Józef Jarmuła to żywa legenda Śląska Świętochłowice (1966-1972, 1984-1985) i Włókniarza Częstochowa (1974-1981). 8 razy zdobywał medale Drużynowych Mistrzostw Polski, w 1974 roku cieszył się ze złota z Włókniarzem. Był uważany za jednego z najbardziej widowiskowo jeżdżących żużlowców i wielu fanów czarnego sportu mówiło, że „chodzili na Jarmułę”. 81-latek do dzisiaj bywa na stadionach żużlowych i cieszy się dużym szacunkiem sympatyków speedwaya.
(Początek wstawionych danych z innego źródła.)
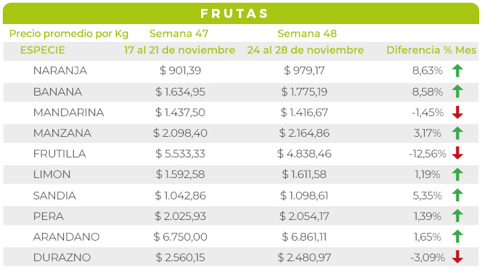 Sin embargo, la FRUTILLA y el DURAZNO registraron leves descensos, impulsados por un incremento en los volúmenes ingresados.
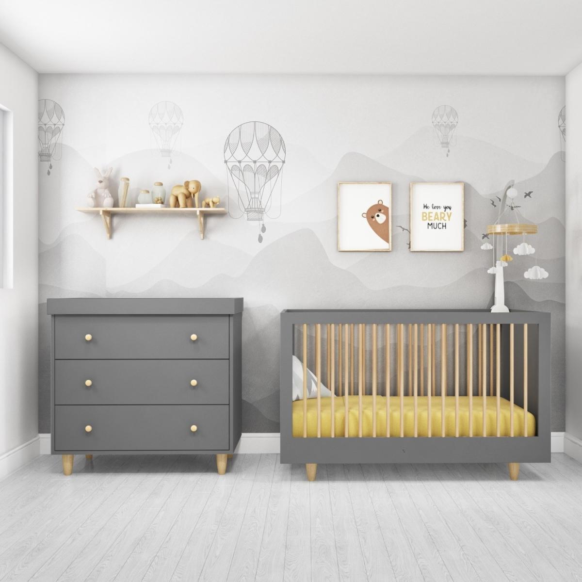 Features we love Scandi inspired nursery set that grows with your child Cot converts to junior bed up to approx. six years old. Three cot base heights make it easy and accessible. Remove the changing tray to transform into a dresser. The three drawers offer plenty of room to store items. Grey finish with contrasting pine handles and legs. Made from sustainably sourced New Zealand Pine Need to know. Cot bed. Packaging dimensions. Box 1 W46 x D82 x H11 cm / Box 2 W75 x D148 x H11 cm Packaging weight. Box 1 15.5kg / Box 2 21 kg Product dimensions. W75 x D148 x H91.7 cm Product weight. 36.5kg Bed mattress size. 140 x 70 cm Bed base. Wooden slatted Age range. 0+ to approximately 4 years old Changing station. Packaging dimensions. Box 1 W68 x D111 x H17 cm / Box 2 W53 x D105 x H18 cm Packaging weight. Box 1 36.5kg / Box 2 28 kg Product dimensions. W102 x D57 x H98.5 cm Changing space dimensions. W98.4 x D53.4 x H6.5 cm Inner drawer dimensions. W89.6 x D43.5 x H16 cm Number of drawers. 3 Product weight. 64.5kg Includes. Anti-tilt strap for the wall Age range. 0+ to approximately 12 months More info. Colour. Grey and natural pine Finish. Painted and natural Material. Solid pinewood For use. Indoors Assembly required. Yes Mattress included. No. Conforms to European safety standard EN 716 2008+A1 2013 and British safety standard BS 8509 2008+A1 2011 );.
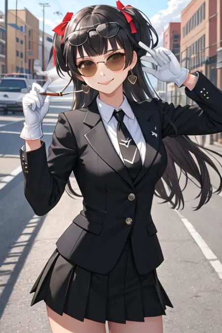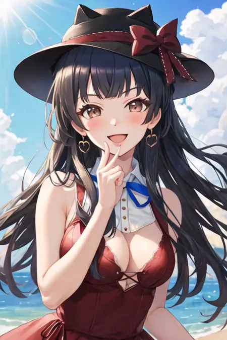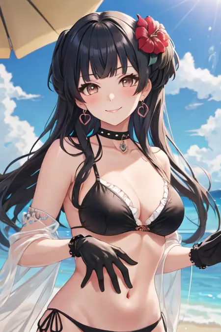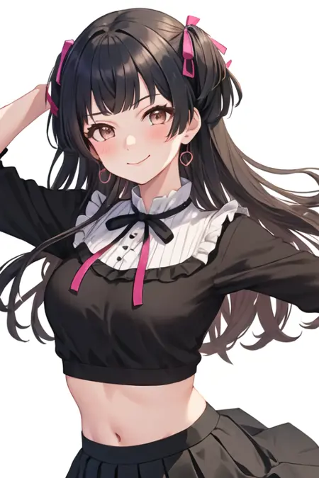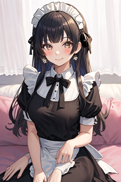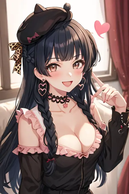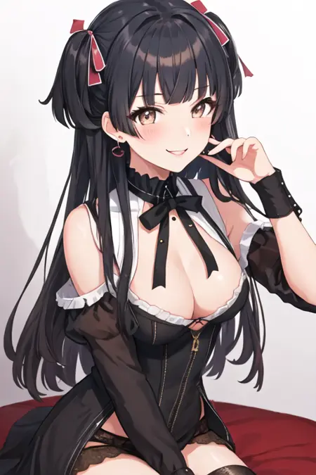 The trigger word is mayuzumi_fuyuko_theidolmstershinycolors, and the recommended tags are best quality, masterpiece, highres, solo, {mayuzumi_fuyuko_theidolmstershinycolors:1.15}, black_hair, bangs, long_hair, blush, brown_eyes, blunt_bangs, breasts, two_side_up, smile, ribbon, medium_breasts.
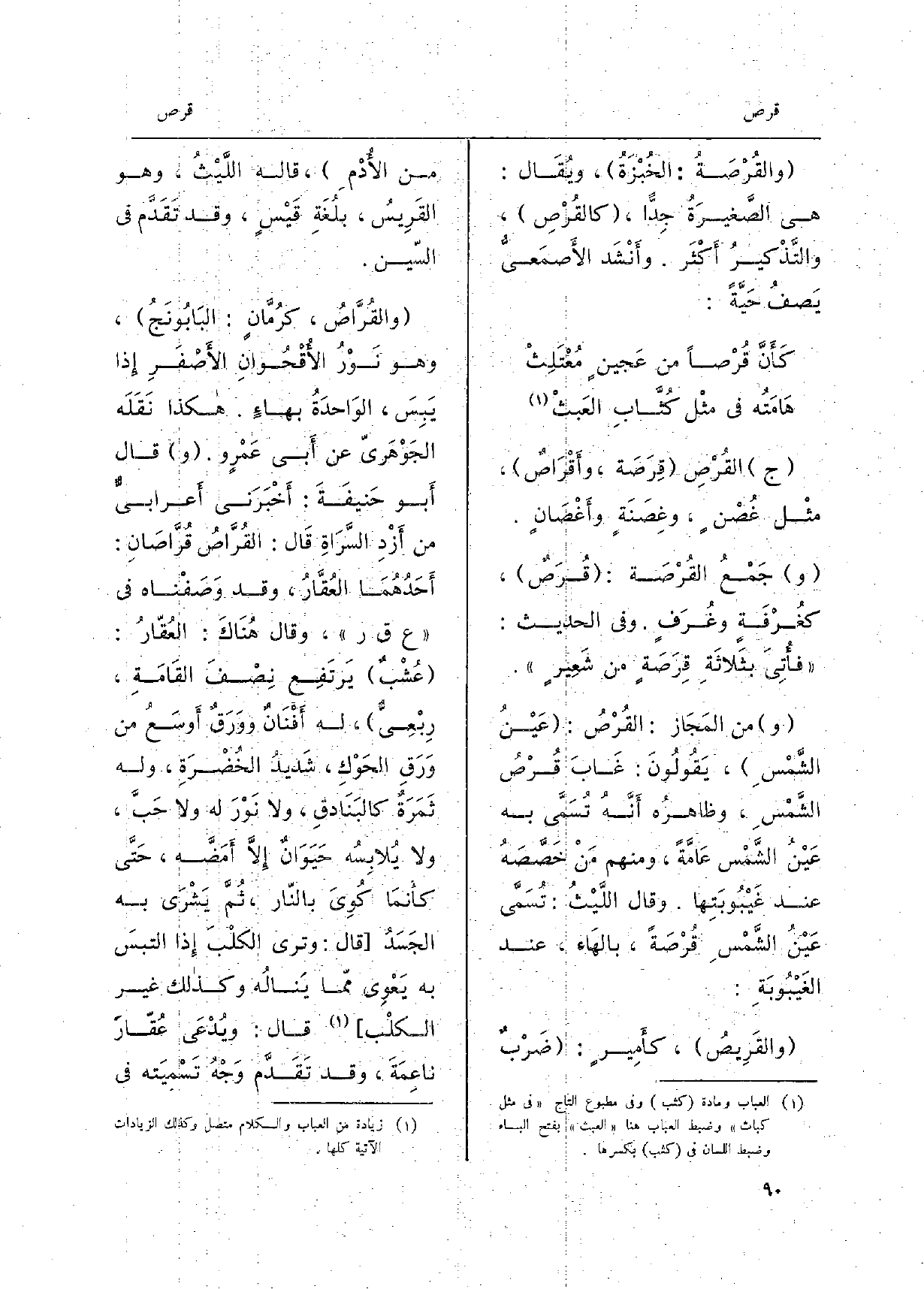 والقُرْصَةُ: الخُبْزَةُ، ويُقَال: هِيَ الصَّغيرَةُ جِدّاً، كالقُرْصِ، والتَّذْكيرُ أَكْثَر. وأَنْشَد الأَصمَعيُّ يَصفُ حَيَّةً: كأَنَّ قُرْصاً من عَجينٍ مُعْتَلِثْ هَامَتُه فِي مثْل كُثَّابِ العَبثْ ج القُرْصِ قِرَصَه، وأَقْرَاصٌ، مثْل غُصْنٍ، وغِصَنَةٍ وأَغْصَانٍ. جَمْعُ القُرْصَة: قُرْصٌ، كغُرْفَةٍ وغُرَفٍ. وَفِي الحَدِيث: فأُتِيَ بثَلاثَةِ قِرَصَةٍ من شَعِيرٍ. من المَجَاز: القُرْصُ: عَيْنُ الشَّمْسِ، يَقُولُونَ: غَابَ قُرْصُ الشَّمْسِ، وظاهرُه أَنَّهُ تُسَمَّى بِهِ عَيْنُ الشَّمْس عَامَّةً، وَمِنْهُم مَنْ خَصَّصَهُ عِنْد غَيْبُوبَتِها. وَقَالَ اللَّيْثُ: تُسَمَّى عَيْنُ الشَّمْسِ قُرْصَةً، بالهَاءِ، عِنْد الغَيْبُوبَةِ: والقَرِيصُ، كأَمِيرٍ: ضَرْبٌ من الأُدْمِ، قَالَه اللَّيْثُ، وَهُوَ القَرِيسُ، بلُغَةِ قَيْسٍ، وَقد تَقَدَّم فِي)

Jego życie codzienne nie należy jednak do najłatwiejszych, o czym opowiedział na łamach „Tygodnika Żużlowego” w rozmowie z red. Bartłomiejem Czekańskim.
Ja już ponad 29 lat żyję w domu bez prądu. Mam 1400 złotych na czysto do przeżycia. Za to muszę opłacić rachunki i przeżyć. Komornik zabiera mi 400 zł, mam już 14 tysięcy długu w spółdzielni mieszkaniowej i on ciągle narasta, gdyż nie mam z czego go spłacić. Żyję bez prądu, bo nie stać mnie na opłacenie rachunków – powiedział Jarmuła.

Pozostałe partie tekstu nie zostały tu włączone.